PROBLEM DESCRIPTION:
Write the listing below out again word for word, without a single picture.

DATA PROVIDED:
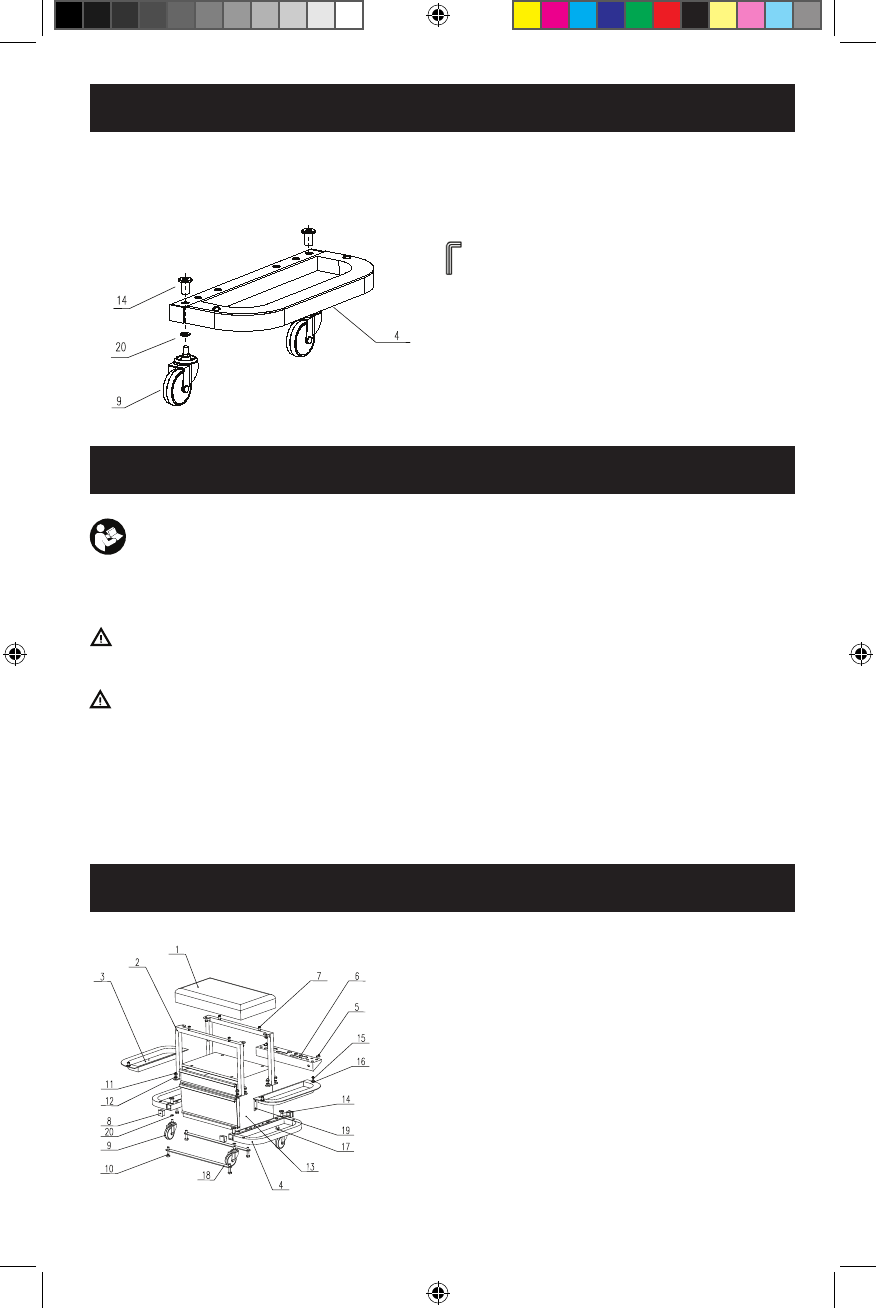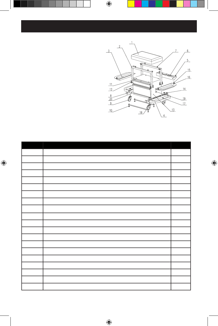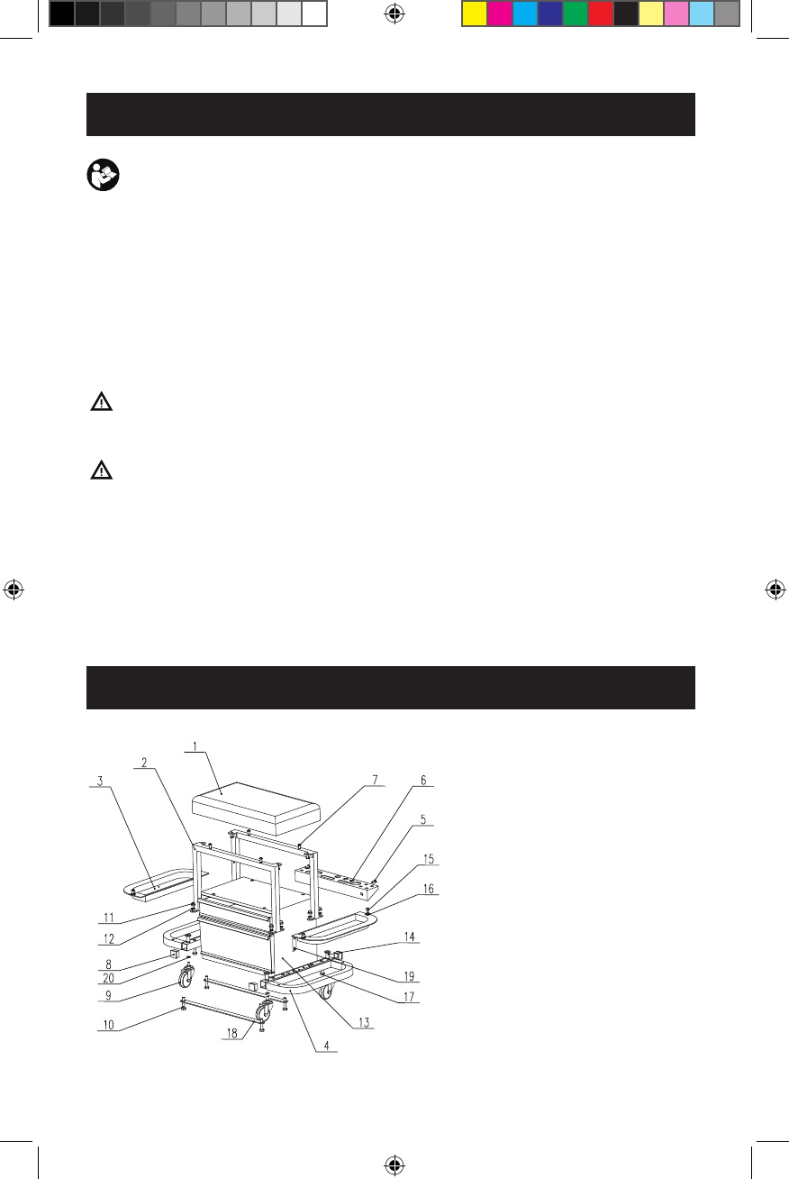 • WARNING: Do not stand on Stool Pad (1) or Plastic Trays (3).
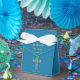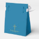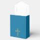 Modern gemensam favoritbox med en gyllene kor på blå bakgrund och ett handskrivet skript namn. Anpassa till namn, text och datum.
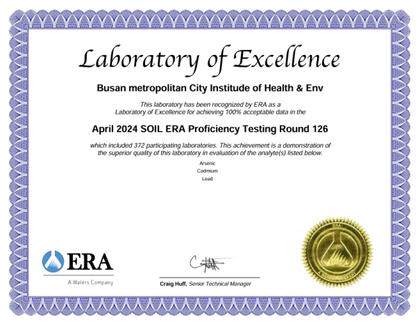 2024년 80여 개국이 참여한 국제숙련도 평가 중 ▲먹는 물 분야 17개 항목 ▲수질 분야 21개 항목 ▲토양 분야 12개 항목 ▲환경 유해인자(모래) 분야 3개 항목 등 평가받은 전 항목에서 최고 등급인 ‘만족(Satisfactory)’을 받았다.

SOLUTION TO THE EXERCISE:
 • WARNING: Do not stand on Stool Pad (1) or Plastic Trays (3).
 Modern gemensam favoritbox med en gyllene kor på blå bakgrund och ett handskrivet skript namn. Anpassa till namn, text och datum.
 2024년 80여 개국이 참여한 국제숙련도 평가 중 ▲먹는 물 분야 17개 항목 ▲수질 분야 21개 항목 ▲토양 분야 12개 항목 ▲환경 유해인자(모래) 분야 3개 항목 등 평가받은 전 항목에서 최고 등급인 ‘만족(Satisfactory)’을 받았다.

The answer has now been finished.